I do tend to think about the vast number of polyploidies found in plants, though even in non-model animals with draft genomes, I still recommend at least 50bp PE. In a well annotated and sequenced bacteria, I think you could make a stronger case for 50bp SE data as there are no splice variants. Keep in mind most down stream count data is based on reads that map to a unique location, PE data can increase the amount of reads that map to a uniq location and 50bp PE is not so much omre than the 50bp SE, though as you mention will take twice as long to generate.

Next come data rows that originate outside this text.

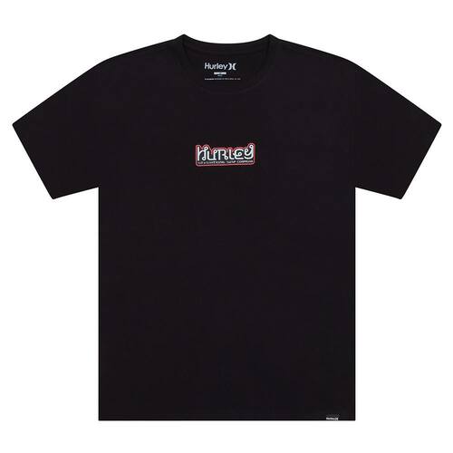 Camiseta Hurley feita em meia malha 30.1, gola rebatida, estampa localizada base d'agua e etiqueta clips ONE&ONLY na barra.
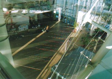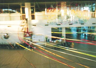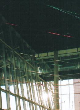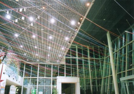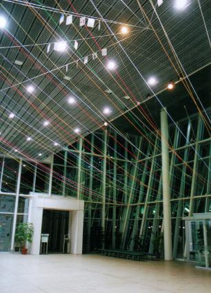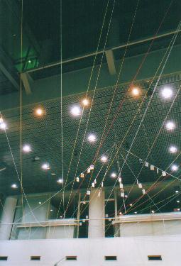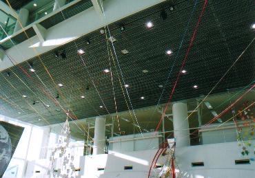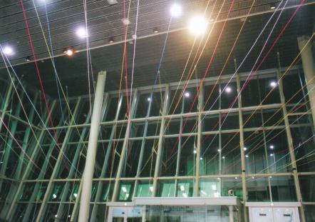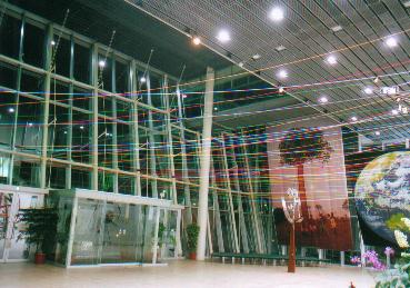この現代の箱舟たる「ワンダー・シップ」のエントランス・ホールを飾る毛糸は、人類が神あるいは自然とうまく折り合いをつけてやっていく、その証であり象徴でもある虹を意味する一方、人類が手にしてきた恩寵たるエネルギーその他の資源を表わしています。すなわち、光、ガスを含む熱、風、水をそれぞれ黄色、赤、白、青の毛糸が表わし、電気や森、山、大地をオレンジや緑、紫、茶が表わす、といったぐあいに。学問的な区分けでは、同じレベルのものとしては扱われないだろうものも、アートのもつメタファー(隠喩)の力=エネルギーをかりることで、同じひとつの物語に登場する登場人物のように並べて提示できるのではと思い、制作いたしました。
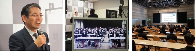 実施している17社の新入社員約1,000名が参加、アンケートシステムを活用した役員への質問コーナーに加え、
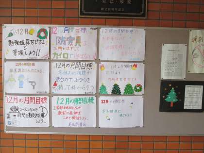 玄関の、12月の目標も、光っています。
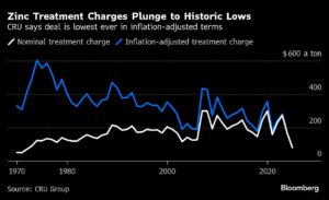 Zinc Treatment Charges Plunge to Historic Lows | CRU says deal is lowest ever in inflation-adjusted terms Jackson Chen | April 3, 2025 | 8:32 am Share Comments Cancel replyYour email address will not be published. Required fields are marked * Save my name, email, and website in this browser for the next time I comment. Δ No comments found. More News CHART: EV battery metals index jumps to 27-month high EV battery raw materials bill tops $2 billion for the first time since August 2023 and surging lithium, nickel prices going into 2026 puts slump definitively in the rearview mirror. February 16, 2026 | 11:28 am {{ commodity.name }} {{ post.title }} {{ post.excerpt }} {{ post.date }} First < {{ page }} > Last

It is not that you can't use 50bp SE data it is that the paired end information provides so much for information. 1) improved mapping, 2) ability to look at splicing information 3) ability to identify large insertion or deletions or transposable elements found in the individual you are sequencing compared with the reference you mapped to.

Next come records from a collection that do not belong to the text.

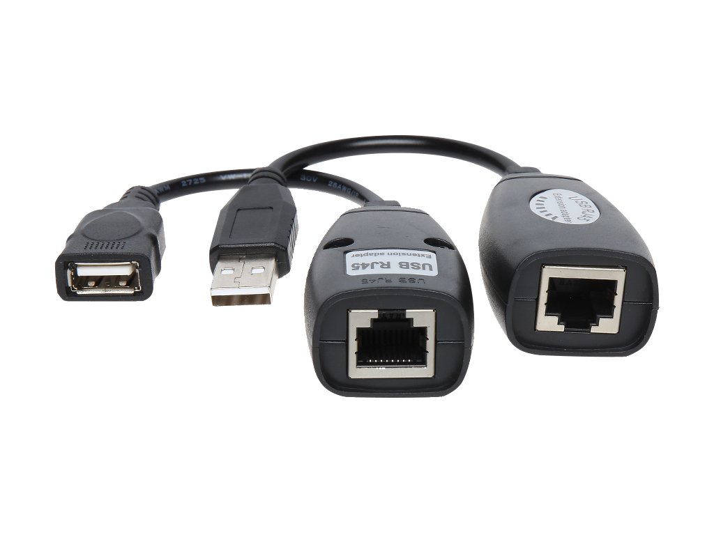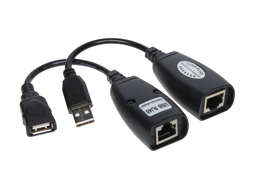 Przedłużacz myszki USB za pomocą skrętki UTP kat. 5/5e/6. Pozwala na sterowanie rejestratorem za pomocą myszki z odległego miejsca. Maks. zasięg wynosi 50 m.
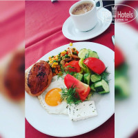 Завтрак был всегда в самом корпусе, но столы были и на улице.Обед всегда был в зоне бара у бассейна-женщина всегда готовила при нас лепешки, пиццу и т.п Повора готовили мысо, котлетки для бургеров). Так же был полдник, давали мороженное и был небольшой шведский стол с той самой пиццей, выпечкой...Ужин был тоже в основном корпусе, а так же выставляли столы на улицу.Был прекрасный вид на море!Еды хватало всем!!!
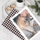 Celebrate your first Christmas as newlyweds with this beautifully designed 'Merry & Married' card, featuring an intimate photo layout and a stylish black and white buffalo check plaid backer. Perfect for sending warm holiday wishes to family and friends, this card captures the elegance of a special moment and the joy of your new journey together. Ideal for winter weddings, holiday announcements, or thank you notes, this card is as versatile as it is timeless.
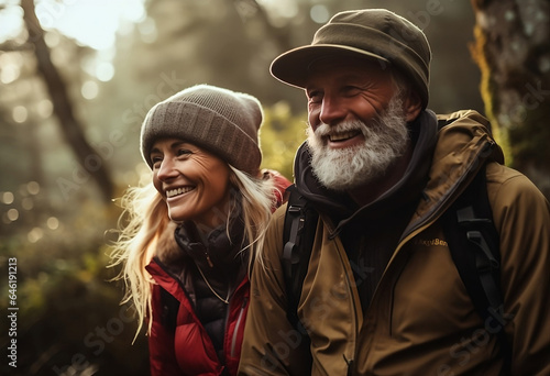couple on trail in forest, exploring, smiling, fun. Generative AI

Cost is always a problem and must be weighed with the advantages/disadvantages of the experimental design.

faculty

I have found most faculty come with a biological question they would like to answer. Based on the question they have, I recommend the best platform that will meet their needs and then tell them what other information they can get from the same data.

user knowledge

Does that mean some faculty are not sure about the numbers of reads or coverage they need for their particular biological questions?

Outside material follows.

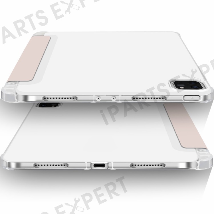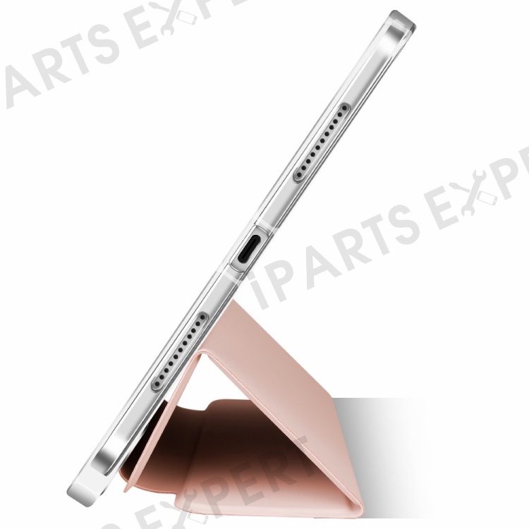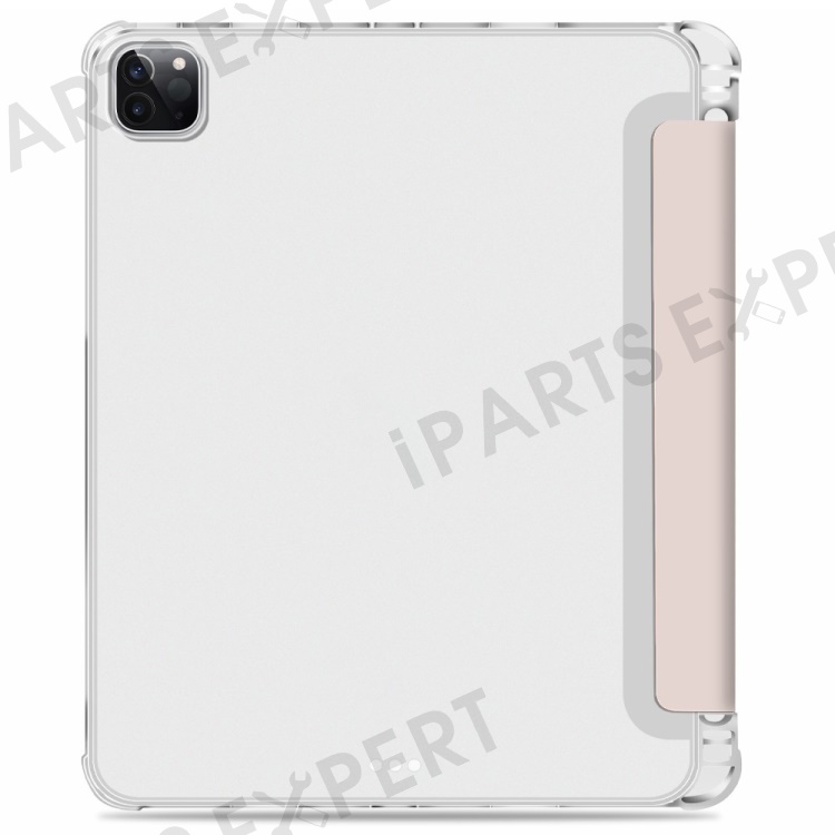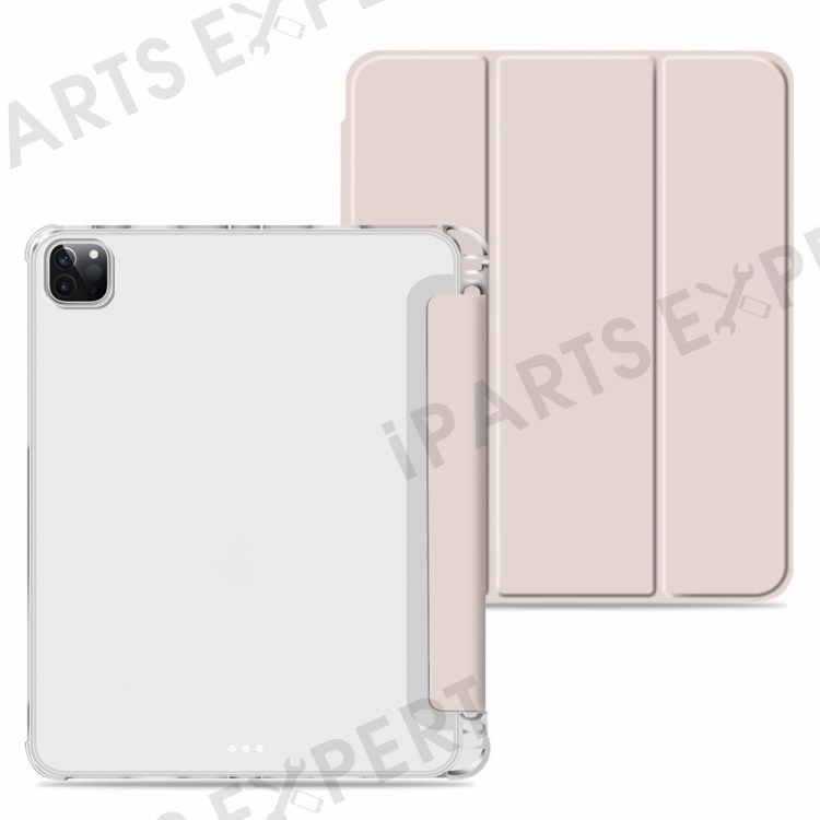 Transparent TPU + PU Leather Auto Wake/Sleep Tablet Cover Tri-fold Case Shell with Pen Slot for iPad Pro 11-inch (2021) - Pink

I noticed that there are some general standards:


If its the case that a majority don't know the numbers of reads or coverage they need, do you have certain references you give these faculty members? I'm just trying to equip myself for the types of questions I'll be getting. Thanks!

Specialization

Most researchers are specialists in their field and study a very specific question, hopefully something they find full filling and fits within the grant they wrote and was funded.

As managers of core facilities/Bioinformaticians, we are specialists in our field and see a wide variety of projects spanning multiple fields. This includes the technology and software, their ability and limitations. The more we understand the better we are able to provide advise for experimental design and have improved data analysis. We also need a little background in the field from which the data comes, microbial, plant, animal biology.

Now this is not a true dichotomy in the sense that it isn't one or the other. There are many who do both and are successful and many new scientists that are getting education in both. However, there are also many scientists that have been in their field for many years and are embracing the new technologies but look to the bioinformatician for the technical side of it in the same way they might ask a statistician for advise.